この取引は協定世界時プラス8時間の10時13分に実行され、総額約2億2600万ドル(約336億円)相当となる。
巨額資金移動がDeFi市場に与える影響
今回の資金移動は、DeFi市場における潜在的なリスクを浮き彫りにした。
LidoとAaveは、利回り生成戦略で密接に連携することが多い。
Lidoでステーキングされたイーサリアム(stETH)をAaveで担保にし、追加のイーサリアム(ETH)を借り入れて再度ステーキングするループ戦略は一般的だ。
サン氏のような大規模な資金移動は、この仕組みのシステミックリスクを露呈させる。
特に、Aaveのイーサリアム準備金が増加する一方で、Lidoの流動性が減少することで、市場バランスに変化をもたらす可能性がある。
過去にもAaveからの大規模なETH引き出しが金利の急騰を引き起こし、レバレッジをかけたトレーダーがポジションの解消を迫られた事例があった。
今回は逆にAaveへの大規模な資金流入となったが、DeFiエコシステムにおける資金の集中度合いを示している。
過去の動向とstETHへの影響
ジャスティン・サン氏は以前から、取引所とDeFiプロトコルの間でアルトコインを活発に移動させている。

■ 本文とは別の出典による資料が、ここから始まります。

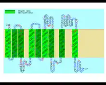There is a domain of unknown function, DUF2781 ( pfam10914 family) spanning amino acids 218 to 359 in the C-terminus of the protein.[6] There are nine transmembrane regions in this protein. The first one contains the signal peptide which is eventually cleaved following protein localization to the ER. A terminal KHHQ sequence is an endoplasmic reticulum retention signal.[13]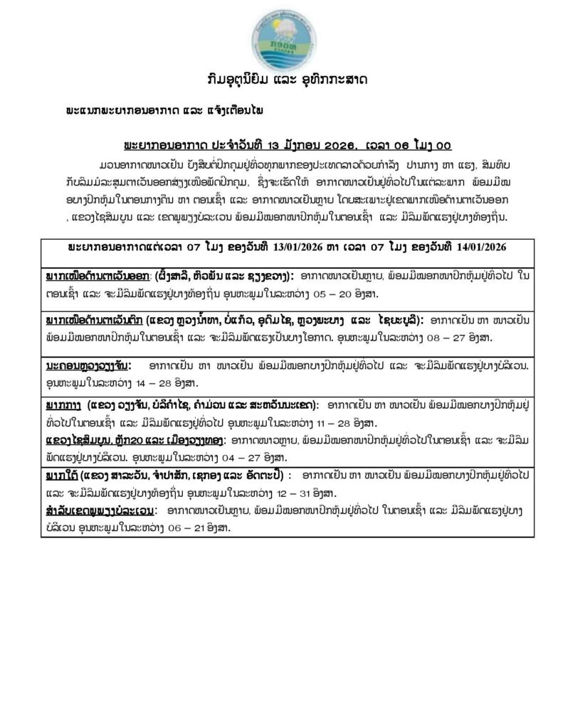 ນະຄອນຫລວງວຽງຈັນ: ອາກາດເຢັນ ຫາ ໜາວເຢັນ ພ້ອມມີໝອກບາງປົກຫຸ້ມຢູ່ທົ່ວໄປ ແລະ ຈະມີລົມພັດແຮງຢູ່ບາງບໍລິເວນ ອຸນຫະພູມໃນລະຫວ່າງ 14–28 ອົງສາ.

直近では7月24日にも、Aaveから6億ドル相当の資産を引き出し、これがイーサリアム価格の6.5%下落の一因となったことが指摘されている。
今回のAaveへの入金は、変化する貸付インセンティブを利用したり、DeFiにおける担保の構成を変更する可能性がある。
同アドレスがLidoとAaveで保有するイーサリアムは、合計で6億3000万ドルを超えており、新しい暗号資産(仮想通貨)市場における影響力の大きさを物語っている。
さらに注目されるのは、stETHの価格安定性への潜在的な影響だ。
Lidoからの大規模な引き出しは、stETHの供給に変化をもたらし、短期的には価格変動を引き起こす可能性がある。
このような現象は、DeFiエコシステムにおける流動性の変化時に発生しやすく、市場の安定性に影響を与える要因となり得る。
今回のサン氏の動きは、こうした新たなDeFi構造における資金流動性の複雑さを示す事例となった。